Work order:
The reply should consist solely of the lines from the one with "- Katalog-Nr: 2499Paar" through the final line of the listing, copied exactly, with no pictures.

========================

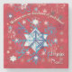 Schneeflocken in Rot, Blau und Weiß. Mögen Sie gemütliche und warme Ferien verbringen! Prost!
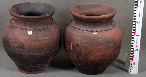 - Katalog-Nr: 2499Paar hohe Gefäße. Italien 20. Jh. Ton, mit Rollstempeldekor, H=je 48 cm. (min. best.)o.L.
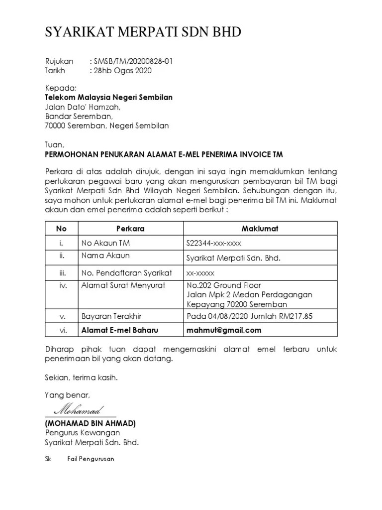 Format Surat Rasmi Tukar Alamat Rasmi Sub from imgv2-2-f.scribdassets.com Contoh surat pertukaran alamat surat menyurat. Permohonan pertukaran alamat surat menyurat merujuk kepada perkara di atas kp : Aturan tersebut ditujukan agar informasi yang. Form for change of permanent address and correspondence address. Maklumat pinjaman saya adalah seperti berikut: Borang ini adalah bertujuan dalam pengemaskinian maklumat alamat surat menyurat bil . Borang ini adalah bertujuan dalam pengemaskinian maklumat alamat surat menyurat bil cukai taksiran secara online. Surat rasmi pertukaran alamat rumah crv turbin. Contoh surat pertukaran alamat syarikat kepada bank. Saya memohon pertukaran surat menyurat ke alamat .
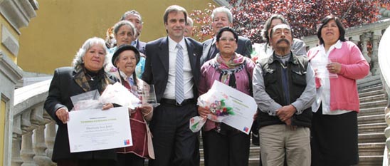 \r\n En una de las terrazas del cerro Santa Lucía en pleno centro de Santiago, el Ministro de Cultura, Luciano Cruz-Coke, encabezó esta mañana la ceremonia de reconocimiento público a los nuevos Tesoros Humanos Vivos del país, cultores de tradiciones de los más diversos rincones.
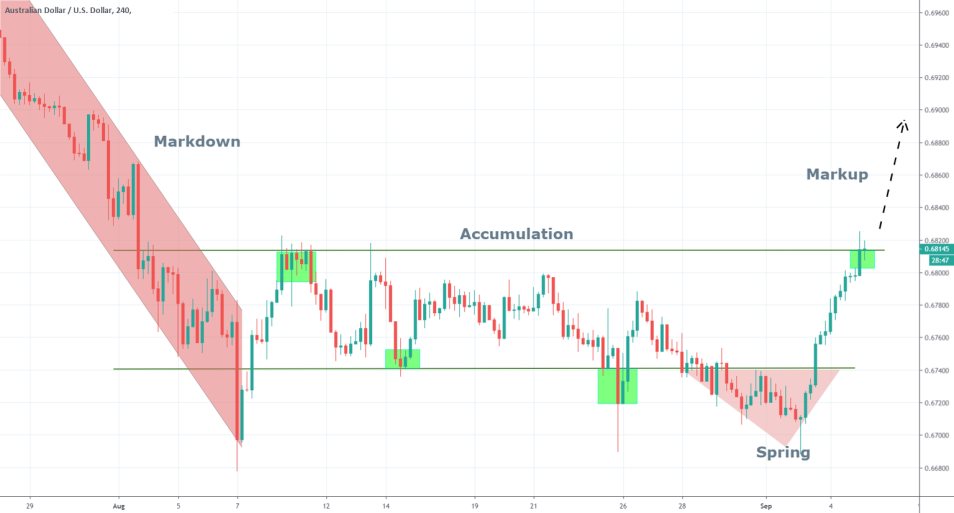 The AUDUSD appreciated with 0.68 per cent on Tuesday after the monetary policy statement was released, and in doing so, the price of the pair managed to get back within the boundaries of the previously outlined range. The AUD/USD is enjoying its third consecutive day of gains, and the price is currently testing the upper-boundary of the range at 0.68150. Should the pair manage to break out above that resistance, the price could be said to have broken above the Accumulation's area, and the formation of a new markup stage could be attempted.

========================

Your solution:
 - Katalog-Nr: 2499Paar hohe Gefäße. Italien 20. Jh. Ton, mit Rollstempeldekor, H=je 48 cm. (min. best.)o.L.
 Format Surat Rasmi Tukar Alamat Rasmi Sub from imgv2-2-f.scribdassets.com Contoh surat pertukaran alamat surat menyurat. Permohonan pertukaran alamat surat menyurat merujuk kepada perkara di atas kp : Aturan tersebut ditujukan agar informasi yang. Form for change of permanent address and correspondence address. Maklumat pinjaman saya adalah seperti berikut: Borang ini adalah bertujuan dalam pengemaskinian maklumat alamat surat menyurat bil . Borang ini adalah bertujuan dalam pengemaskinian maklumat alamat surat menyurat bil cukai taksiran secara online. Surat rasmi pertukaran alamat rumah crv turbin. Contoh surat pertukaran alamat syarikat kepada bank. Saya memohon pertukaran surat menyurat ke alamat .
 \r\n En una de las terrazas del cerro Santa Lucía en pleno centro de Santiago, el Ministro de Cultura, Luciano Cruz-Coke, encabezó esta mañana la ceremonia de reconocimiento público a los nuevos Tesoros Humanos Vivos del país, cultores de tradiciones de los más diversos rincones.
 The AUDUSD appreciated with 0.68 per cent on Tuesday after the monetary policy statement was released, and in doing so, the price of the pair managed to get back within the boundaries of the previously outlined range. The AUD/USD is enjoying its third consecutive day of gains, and the price is currently testing the upper-boundary of the range at 0.68150. Should the pair manage to break out above that resistance, the price could be said to have broken above the Accumulation's area, and the formation of a new markup stage could be attempted.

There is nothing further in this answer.